A new research has found that plague has been infecting humans since the beginning of the Bronze Age, more than 5,000 years ago.
The findings based on analysis of ancient DNA suggest that plague was endemic in the human populations of Eurasia at least 3,000 years before the first plague pandemic in historical records -- the Plague of Justinian in 541 AD.
The researchers also found that the ancestral plague would have been predominantly spread by human-to-human contact -- until genetic mutations allowed Yersinia pestis (Y. pestis), the bacteria that causes plague, to survive in the gut of fleas.
These mutations, which may have occurred near the turn of the first millennium BC, gave rise to the bubonic form of plague that spreads at terrifying speed through flea -- and consequently rat - carriers, the study said.
The bubonic plague caused the pandemics that decimated global populations, including the Black Death, which wiped out half the population of Europe in the 14th century.
"We found that the Y. pestis lineage originated and was widespread much earlier than previously thought, and we narrowed the time window as to when and how it developed," said senior study author Eske Willerslev, professor at the University of Cambridge.
Researchers analyzed ancient genomes extracted from the teeth of 101 adults dating from the Bronze Age and found across the Eurasian landmass from Siberia to Poland.
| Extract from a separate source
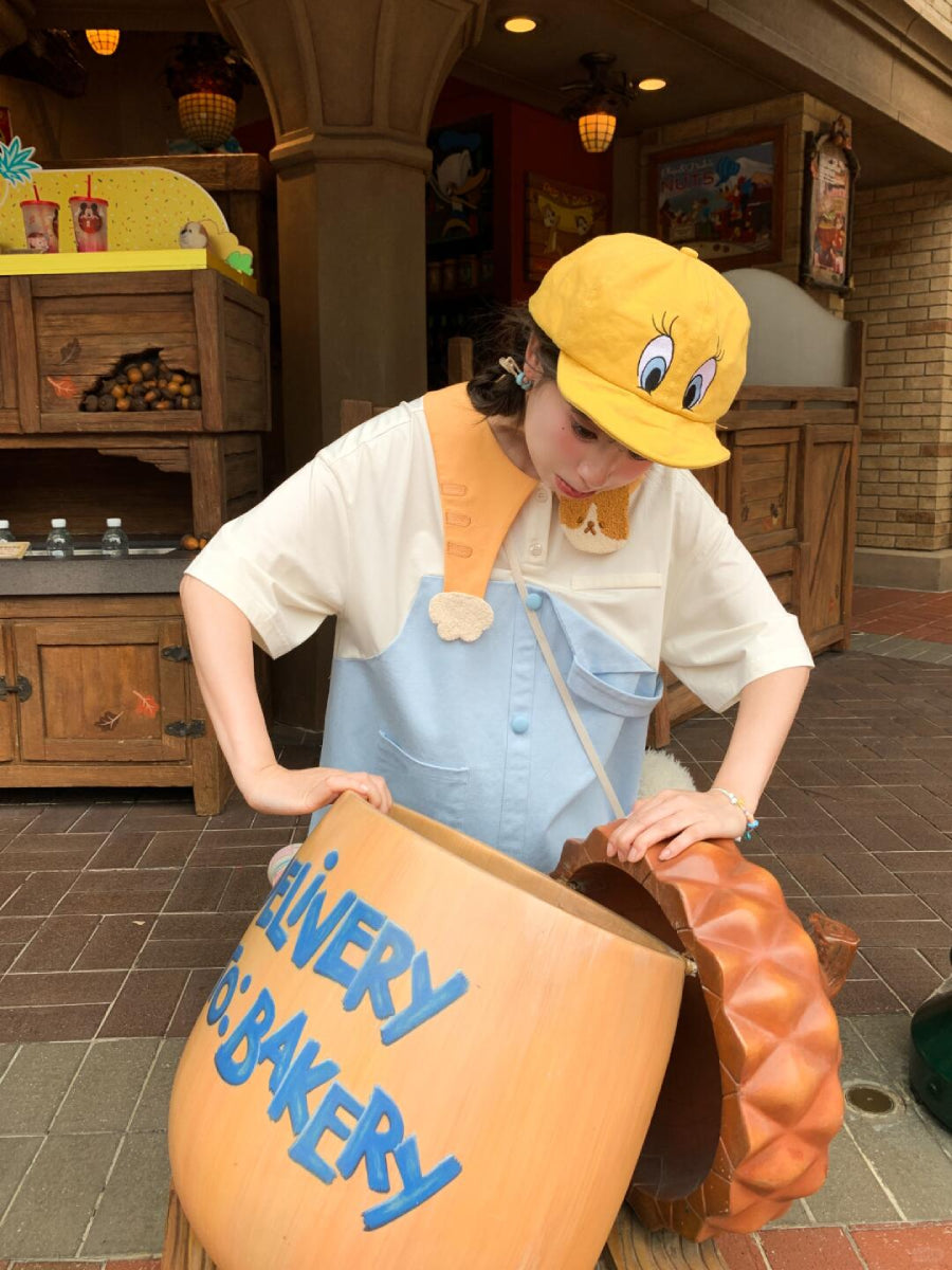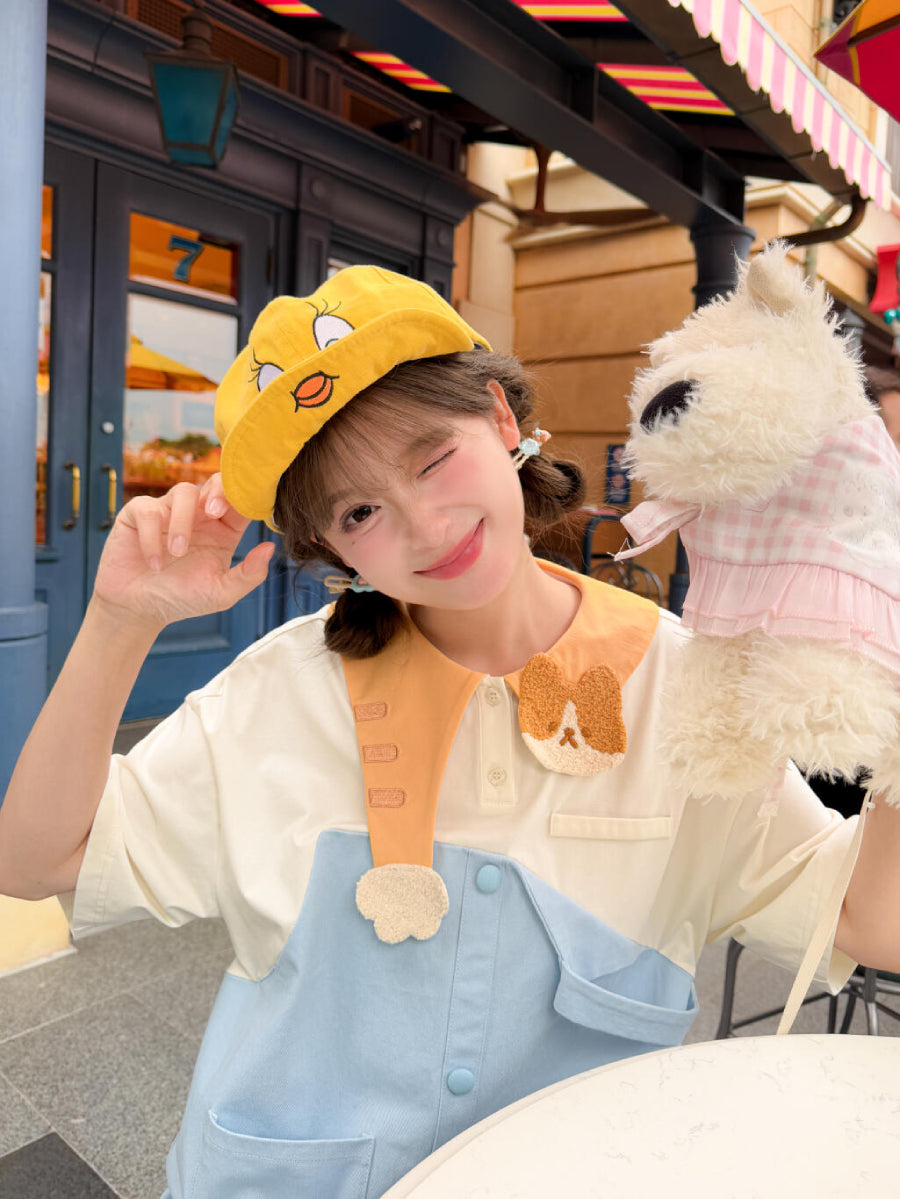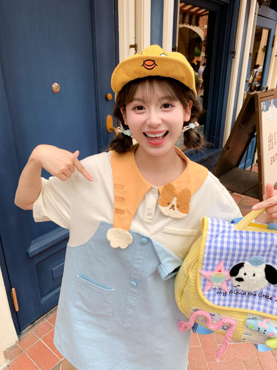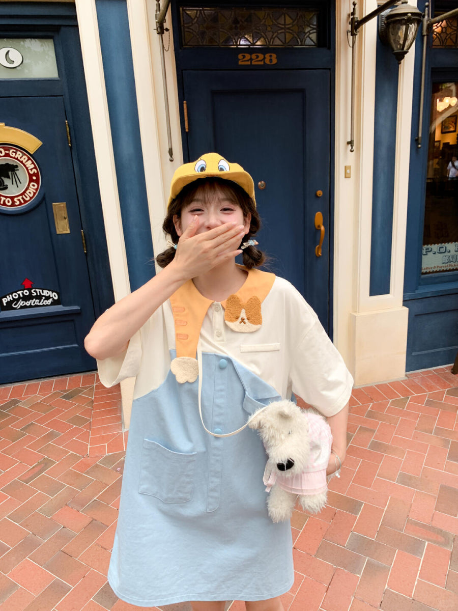 Blue panels, a kitten collar, cotton buttons — the sort of dress worn while coloring at a low table 🐱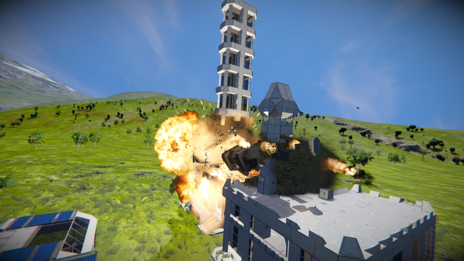 Should of included these in the first post but this is what I'm talking about. Damaging a static grid and cutting it doesn't fall even with that station setting on that make static grids fall. The smaller tower on the right corner crumbles but the tall one floats taunting me...

They found Y. pestis bacteria in the DNA of seven of the adults, the oldest of whom died 5,783 years ago -- the earliest evidence of plague.
Researchers concluded these early strains of plague could not have been carried by fleas.
"The Bronze Age is the edge of history, and ancient DNA is making what happened at this critical time more visible," study co-author Robert Foley from Cambridge University noted.
The plague that stalked populations for much of the Bronze Age must have been pneumonic, which directly affects the respiratory system and causes desperate, hacking coughing fits just before death, the study noted.
Breathing around infected people leads to inhalation of the bacteria, the crux of its human-to-human transmission, the researchers said.
The findings were detailed in the journal Cell.